Страницы моей жизни - стр. 57
– А ты знаешь, – прервал я Льва, – что нашу знакомую лавочницу много раз тянули в жандармское управление?
– Не только знаю, но из-за нее очень много выстрадал. Одна мысль, что ее арестовали, а, может быть, даже сослали в Сибирь, меня буквально измучила.
– Могу тебя успокоить, – сказал я Льву. – Дело кончилось вполне благополучно. Лавочница так настойчиво уверяла жандармов, что никогда не слышала ни о каких явках, что ее в конце концов оставили в покое.
– Ну, спасибо, друг, ты меня сильно порадовал своим сообщением. Но если бы ты знал, как много я пережил из-за всех этих вещей. От бессонницы и волнения у меня началось нервное расстройство. Мне было неважно, в чем меня обвиняют: я был готов ко всему, но мысль, что из-за меня страдают невинные люди, меня доводила до безумия. Однажды я спохватился, что, сам того не замечая, думаю вслух! Я стал за собою следить и к ужасу своему убедился, что не владею собой. Должно быть, это я не в первый раз думал вслух. И мне вдруг пришла мысль в голову, а что, если жандарм за дверью меня подслушивает. Нервы у меня еще больше разыгрались. Я стал прислушиваться к каждому стуку, к малейшему шороху. Я постоянно был настороже, стал страшно подозрителен, словом, я чувствовал, что я близок к душевному расстройству. Допросы кончились еще полтора года тому назад, но вид жандарма, водившего меня на прогулку, так меня раздражал, что я не раз отказывался от прогулок. В последнее время я себя чувствовал особенно плохо и вдруг слышу – мне посадили соседа. Первой моей мыслью было, что мне подкинули шпиона, поэтому я даже не хотел отвечать на твой стук, но потом я передумал: я решил узнать, кто меня зовет к стене для разговора. А вдруг это свой! После двух с половиной лет строгого одиночного заключения так захотелось обменяться словом привета с товарищем, а, может быть, и с другом, что я преодолел свою подозрительность и ответил тебе. Когда же я убедился, что это ты, Моисей, моя радость была так велика, что я даже не в состоянии и теперь ее выразить словами. Это был один из счастливейших дней моей жизни.
– Жив Бог Израиля! – простучал я ему в ответ любимой его поговоркой.
– Да, – ответил опять Лев, – покуда человек жив, он никогда не должен впадать в отчаяние.
После этой нашей беседы Лев становился с каждым днем веселее. Его нервы заметно успокаивались. Он стал хорошо спать, а дни мы проводили у стены в беседах.
Приблизительно через неделю после моего переселения в уголовный корпус со мною и Львом произошел один из тех случаев, которые запоминаются на всю жизнь.

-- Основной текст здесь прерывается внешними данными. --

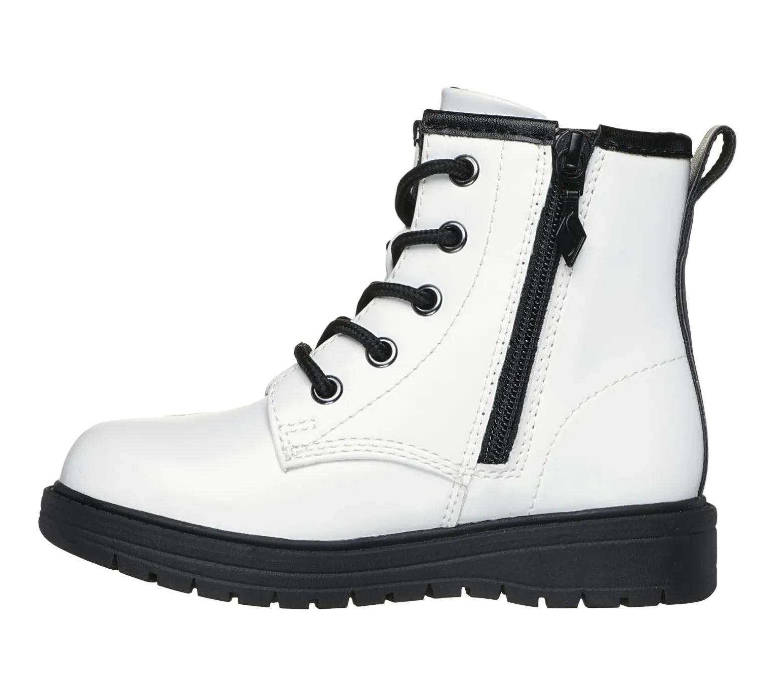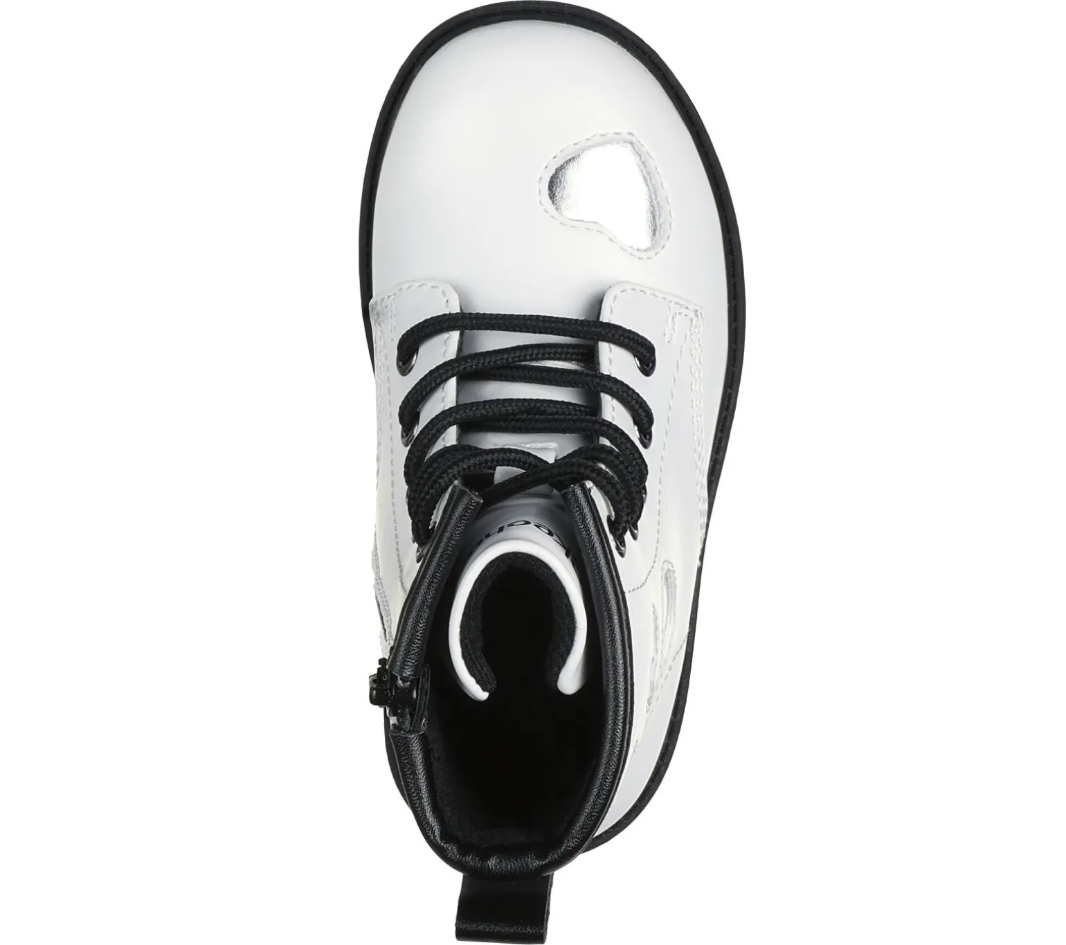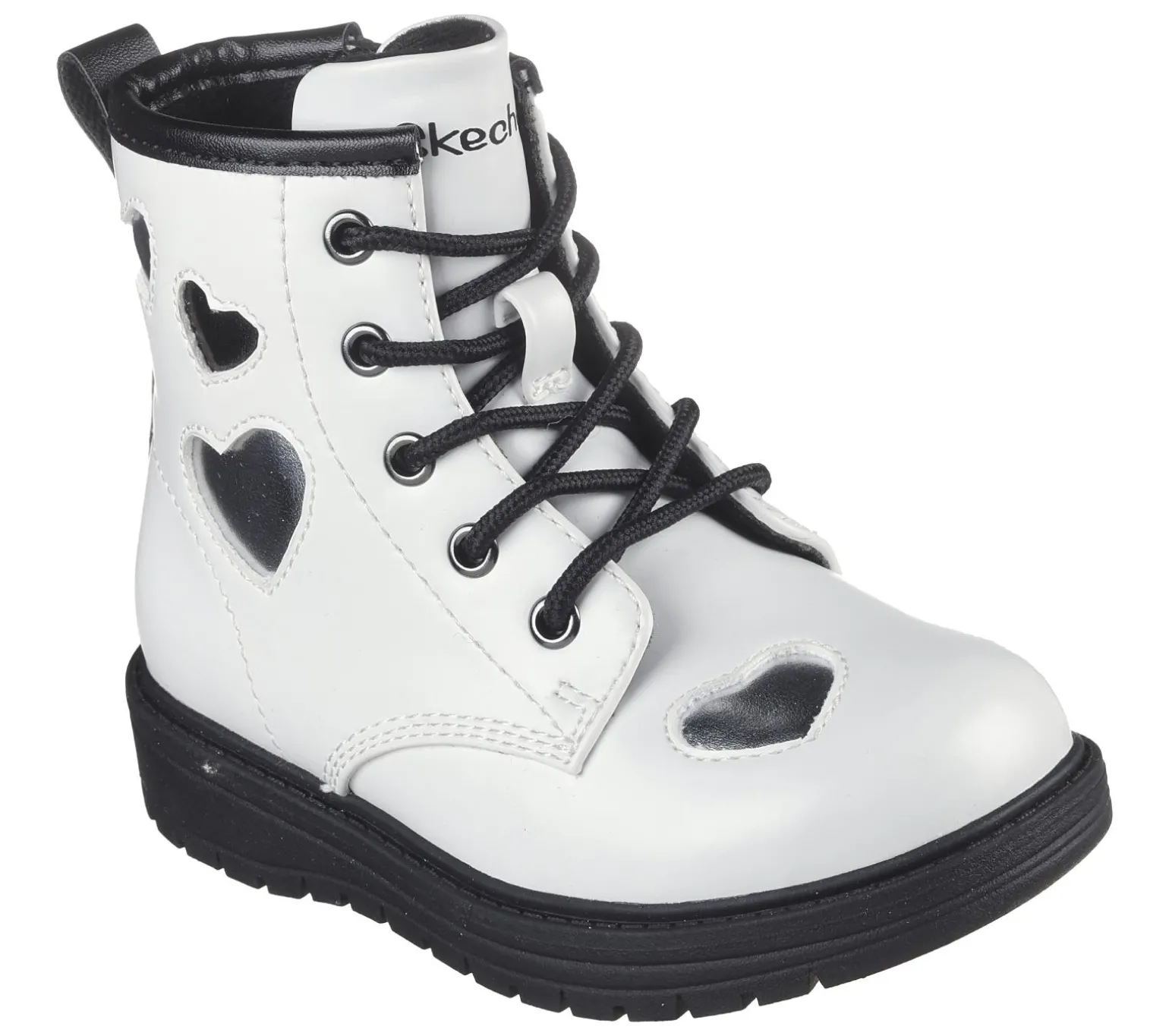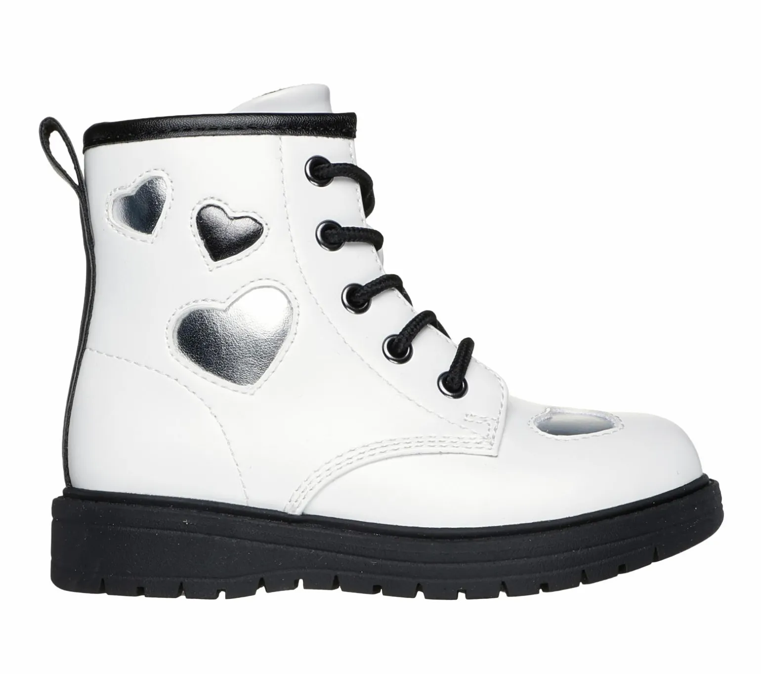 Have them looking cute and cool wearing Skechers Lil Gravlen – Metallic Amor. This mid-calf lace-up boot is embellished with metallic cut-out hearts and features a smooth faux-leather upper, side-zipper plus Adaptive Closure, and a cushioned comfort insole.

В романах подобные вещи описываются часто, но это была действительность. Я уже упомянул выше, что двери наших камер выходили в небольшой коридорчик, который был отделен тяжелой дверью от общего коридора. Наши камеры были, конечно, всегда заперты на замок. Запиралась также крепко-накрепко и железная дверь, выходившая в длинный коридор; и я, и Лев, в сущности, были все время предоставлены самим себе. Двери наших камер имели по маленькому окошечку с решеткой, а над окошечком висела керосиновая лампочка, которой освещалась небольшая часть камеры. Таким образом, вечером можно было читать книгу, только стоя у самого окошечка.